In Star Wars: Obi-Wan, the player controls Obi-Wan Kenobi during a sequence of events prior to and leading up to The Phantom Menace. The game is unique in that lightsaber combat is controlled using the right analog stick of the Xbox controller. By moving the stick in specific motions Kenobi will swing his lightsaber in a related motion. The character has a variety of Force powers at his disposal. One power provides a version of bullet time, slowing the area around the character, effectively allowing players to attack slowed-down enemies, or evade to cover. Other powers allow him to jump higher, move objects, and disarm enemies. Kenobi will perform a 180-degree turn with the press of a button, allowing the player to instantly spin and attack enemies behind them. Aside from the lightsaber, weapons such as blasters, ion grenades, and turrets can be utilized against enemies. The game supports a multiplayer mode called Jedi Battle, which allows two players to battle each other as any one of the Jedi characters unlocked. Characters may be unlocked by defeating them in the single-player Jedi arena, which becomes available between missions.

==Plot==
Star Wars: Obi-Wan is a retelling of the events of The Phantom Menace, beginning with Obi-Wan surviving an attempt on his life by a criminal outfit called the Black Heth on Coruscant. He reports this to the Jedi Council, who informs him that the Black Heth have been growing in strength and that an informant planted by the city guard has been exposed and taken to the gang's hideout. Mace Windu tasks Obi-Wan with rescuing him; the informant reveals that arms dealers are selling large quantities of weapons to the Black Heth to destabilize Coruscant.

Obi-Wan tries and fails to intercept the dealers as they evacuate the planet; the Council determines they are a tribal species called Jin'ha. As the Jin'ha is too primitive a race to manufacture such deadly arms themselves, Jedi Masters Plo Koon and Eeth Koth are sent on a mission to their homeworld, Obredaan, to investigate. The ship transporting them disappears, and Obi-Wan, accompanied by Qui-Gon, is ordered to complete the mission instead. While Qui-Gon locates the two captured Jedi, Obi-Wan discovers a vast mining and refinery complex beneath Obredaan built to process cortosis. This lightsaber-resistant mineral could be used to craft weapons ideal for combatting Jedi. As the group leaves, they spot a ship from the Trade Federation leaving Obredaan.
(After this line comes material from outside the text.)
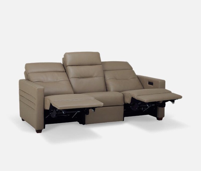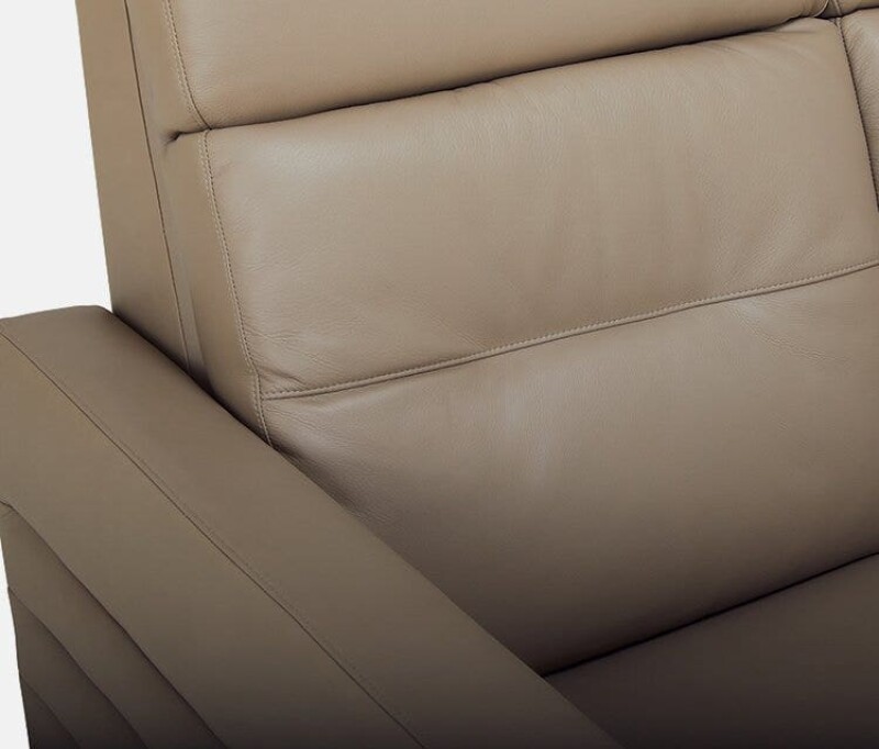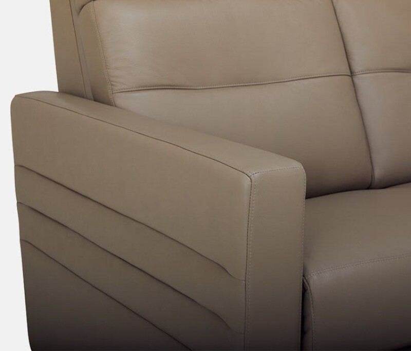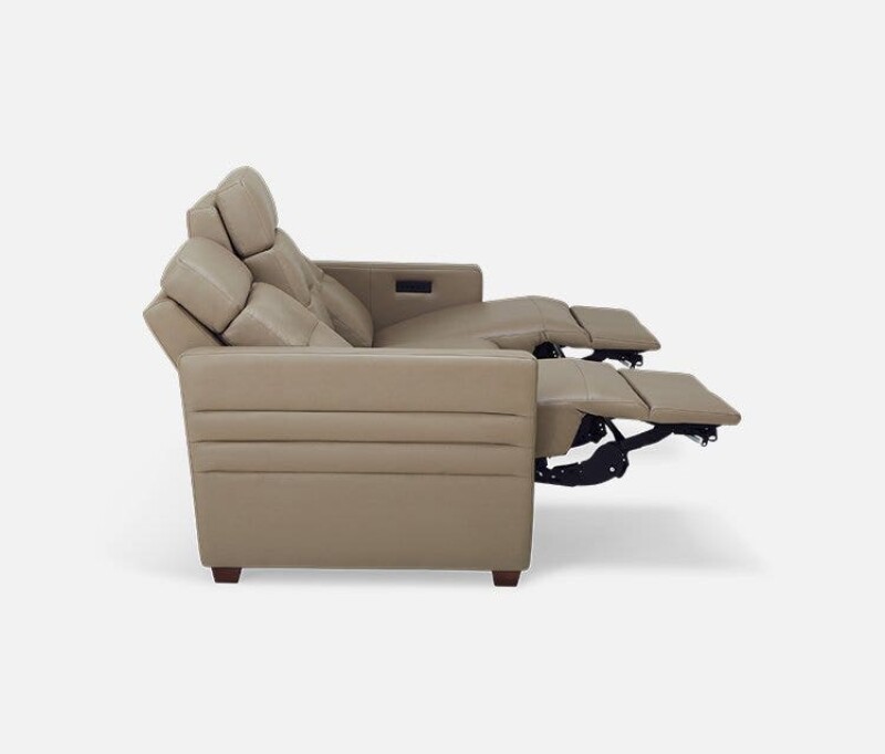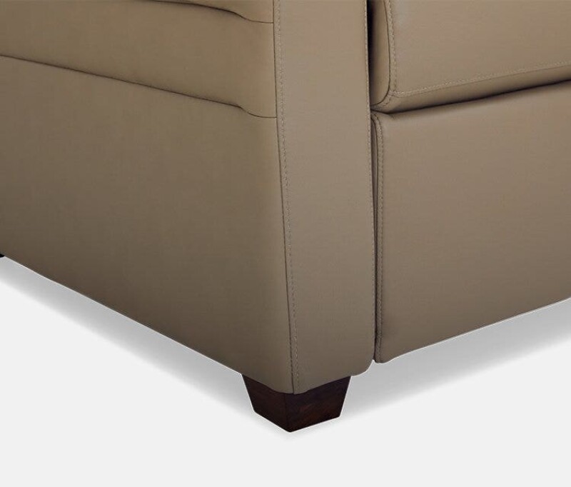 Reece begins with a transitional narrow track arm with heavily padded inside and outside panels. The outside arm panels have been further enhanced with two horizontal channels. The seat and backs mirror the track arm with box border styling and the backs include a decorative pull tuck detail and sits atop tapered solid walnut block legs. Reece comes standard with triple motor functionality; power footrest, power headrest and power lumbar. Please note the Palliser Recline app is required to access full recline functionality and additional premium features on armless pieces.

When representatives from the Federation deny any knowledge of the Jin'ha's activities, Qui-Gon and Obi-Wan are given an official assignment to meet with Federation Viceroy Nute Gunray and inspect his facilities. Upon boarding the Viceroy's ship, the Jedi are placed in a conference room that slowly fills with poisonous gas as a squad of Federation droids arrive with orders to kill them. The pair escape and attempt to storm the ship's bridge, but are forced to retreat in the face of superior firepower. Instead, Qui-Gon instructs his apprentice to sabotage the ship's communications array and disable its engines, cutting the ship off from the rest of the Federation fleet and forcing it to land on the nearest planet, Naboo. Upon landing, they discover that the Federation has launched a full-scale invasion.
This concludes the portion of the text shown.